Apart from the images, output the data below exactly.

> [Data block]
- - -
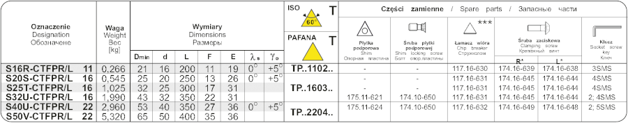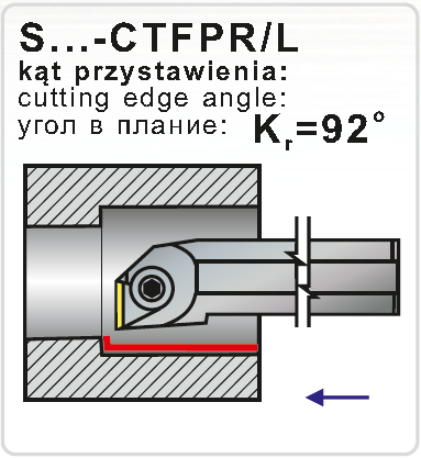Soustružnický držák pro vnitřní soustružení . Průměr držáku je 25 mm, celková délka 300 mm. Hlava držáku má tvar F a úhel nastavení 90°. Do držáku se upínají destičky trojúhelníkového tvaru s délkou řezné hrany 9,525 mm. Úhel hřbetu destičky je 11°,
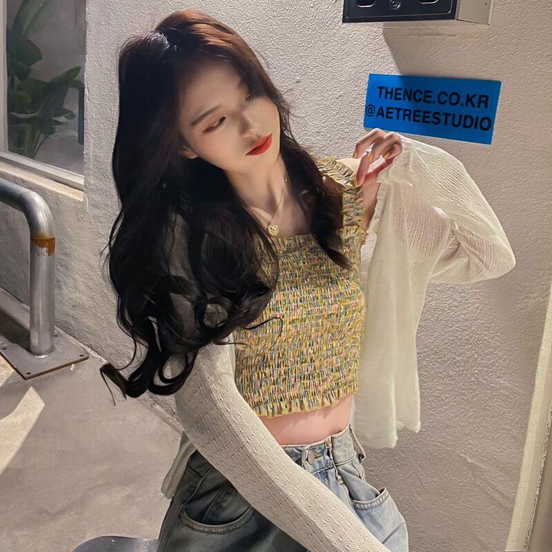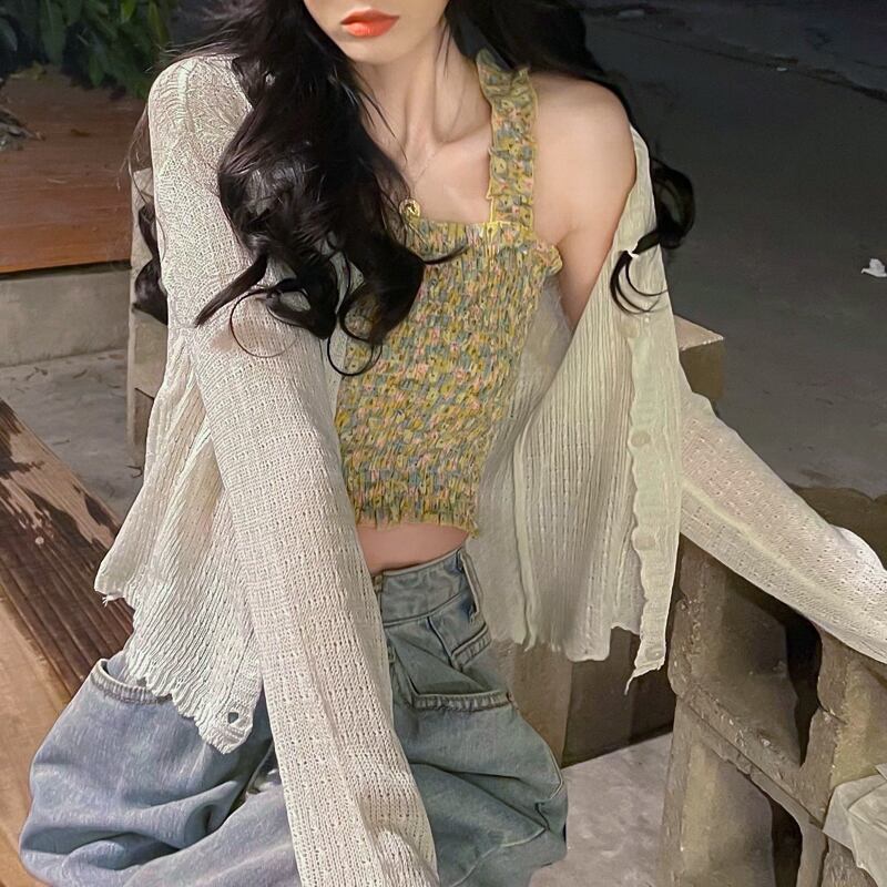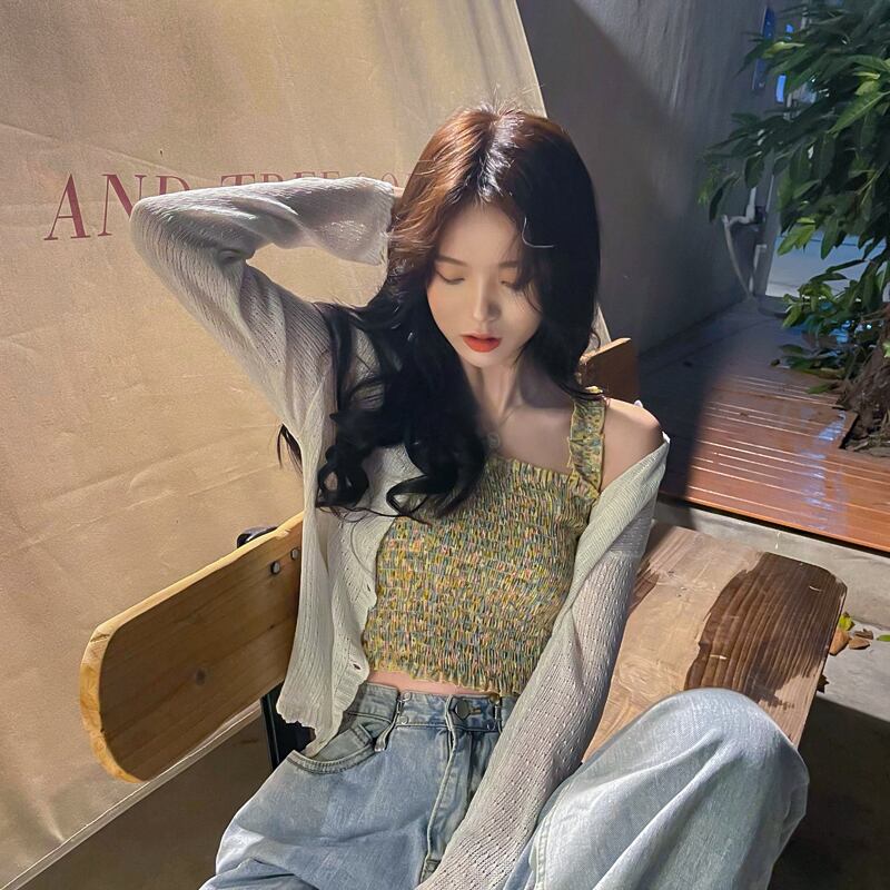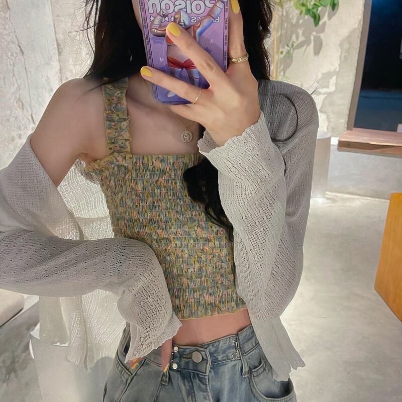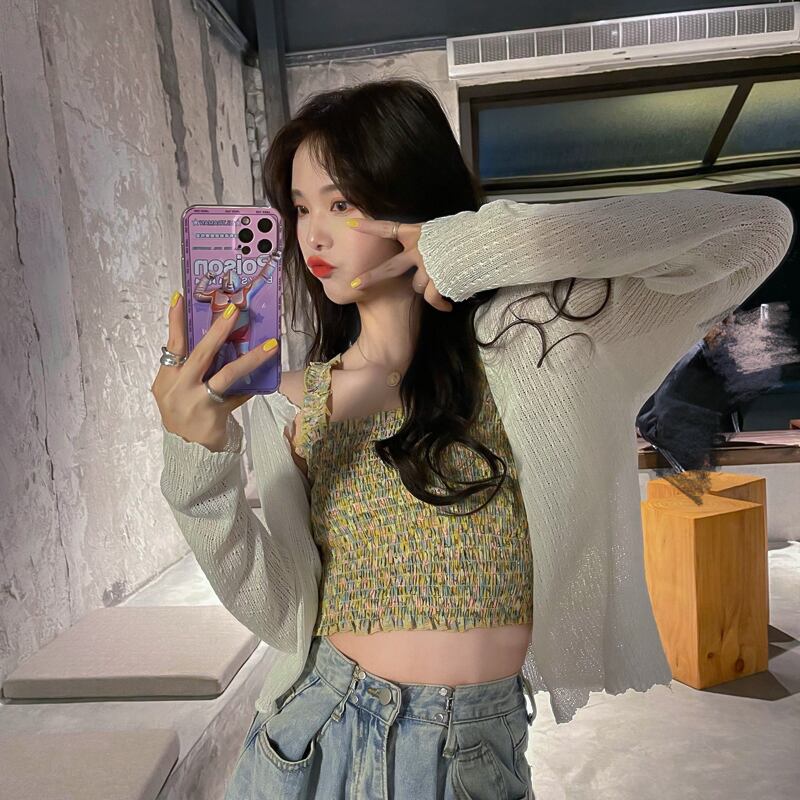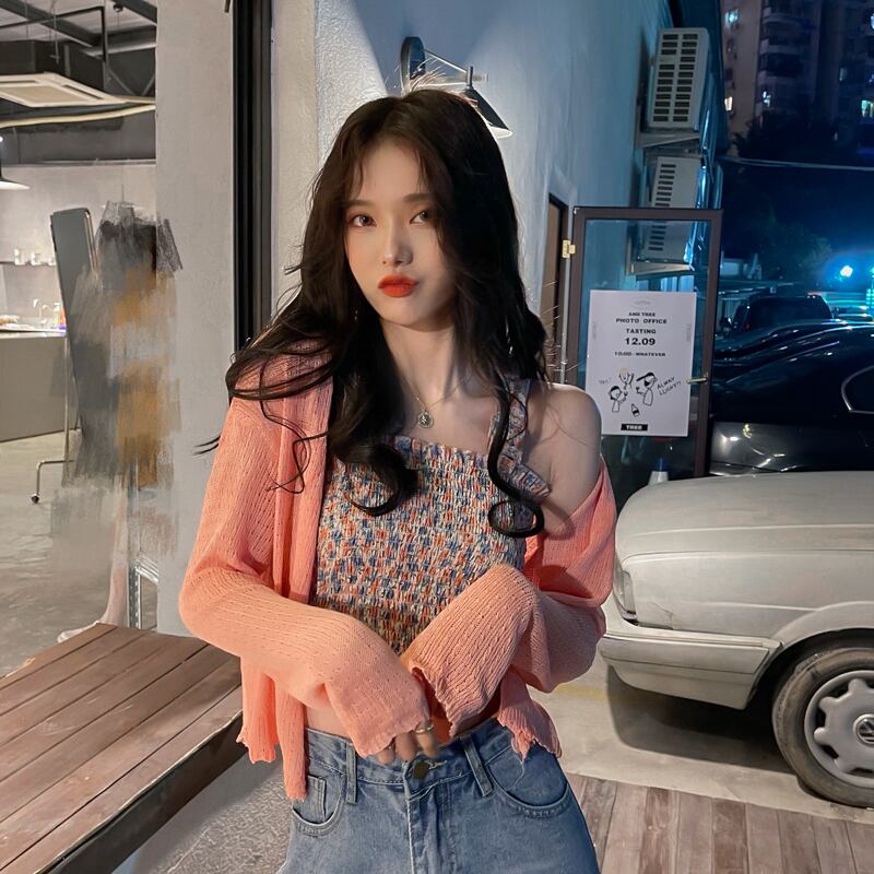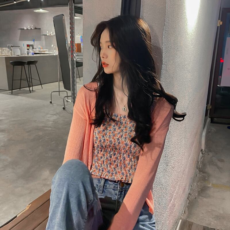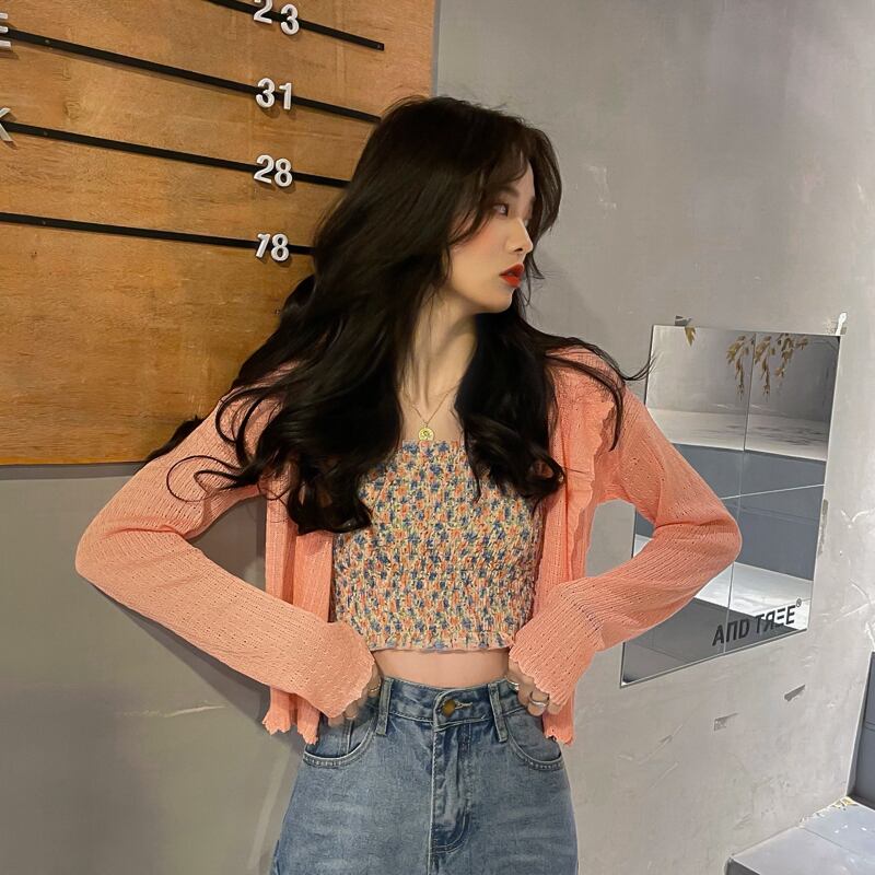 色:オレンジピンクカーディガン,白いカーディガン,ピンクの花柄のベスト,黄色の花柄のベスト
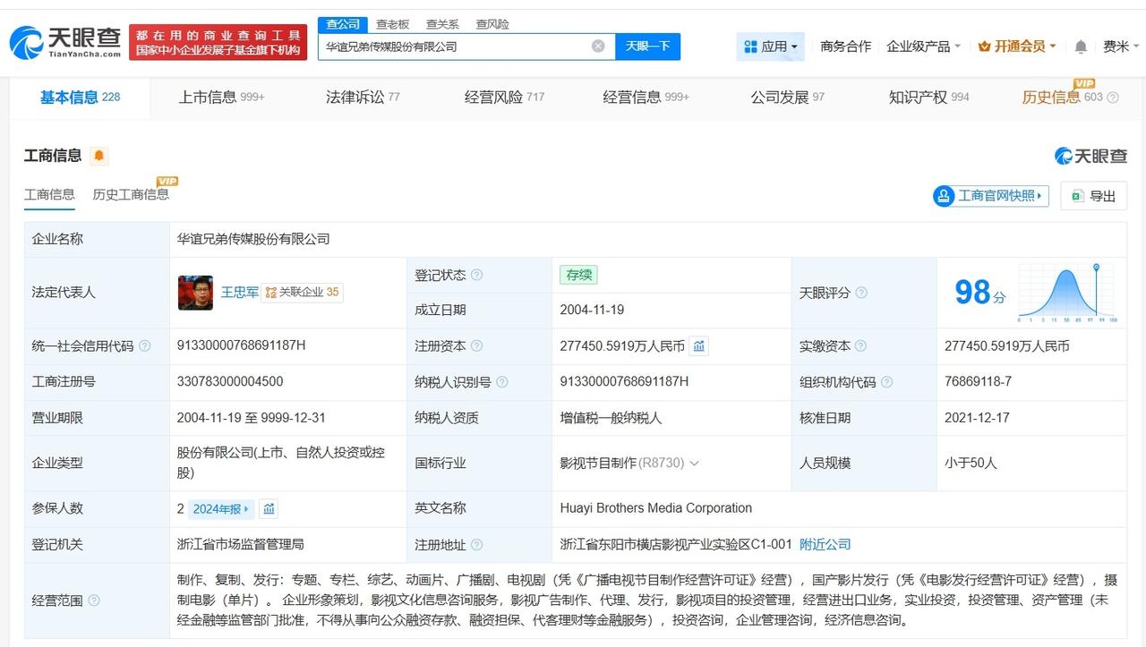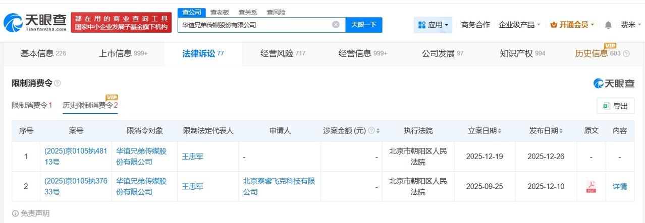 华谊兄弟及王忠军因189万案款被限消 华谊兄弟及王忠军已被多次限消 天眼查天眼风险信息显示,近日,华谊兄弟(300027)及法定代表人王忠军新增一则限制消费令,执行法院为北京市朝阳区人民法院,案件流程信息显示,此前,该公司已因此案被执行189万余元。 华谊兄弟传媒股份有限公司成立于2004年11月,注册资本约27.7亿人民币,经营范围包括企业形象策划、影视文化信息咨询服务、影视项目的投资管理等。股东信息显示,该公司由王忠军等共同持股。历史限制消费令信息显示,该公司曾被两次限消。 天眼查信息:
- - -
> [Result of this exercise]
Soustružnický držák pro vnitřní soustružení . Průměr držáku je 25 mm, celková délka 300 mm. Hlava držáku má tvar F a úhel nastavení 90°. Do držáku se upínají destičky trojúhelníkového tvaru s délkou řezné hrany 9,525 mm. Úhel hřbetu destičky je 11°,
 色:オレンジピンクカーディガン,白いカーディガン,ピンクの花柄のベスト,黄色の花柄のベスト
 华谊兄弟及王忠军因189万案款被限消 华谊兄弟及王忠军已被多次限消 天眼查天眼风险信息显示,近日,华谊兄弟(300027)及法定代表人王忠军新增一则限制消费令,执行法院为北京市朝阳区人民法院,案件流程信息显示,此前,该公司已因此案被执行189万余元。 华谊兄弟传媒股份有限公司成立于2004年11月,注册资本约27.7亿人民币,经营范围包括企业形象策划、影视文化信息咨询服务、影视项目的投资管理等。股东信息显示,该公司由王忠军等共同持股。历史限制消费令信息显示,该公司曾被两次限消。 天眼查信息:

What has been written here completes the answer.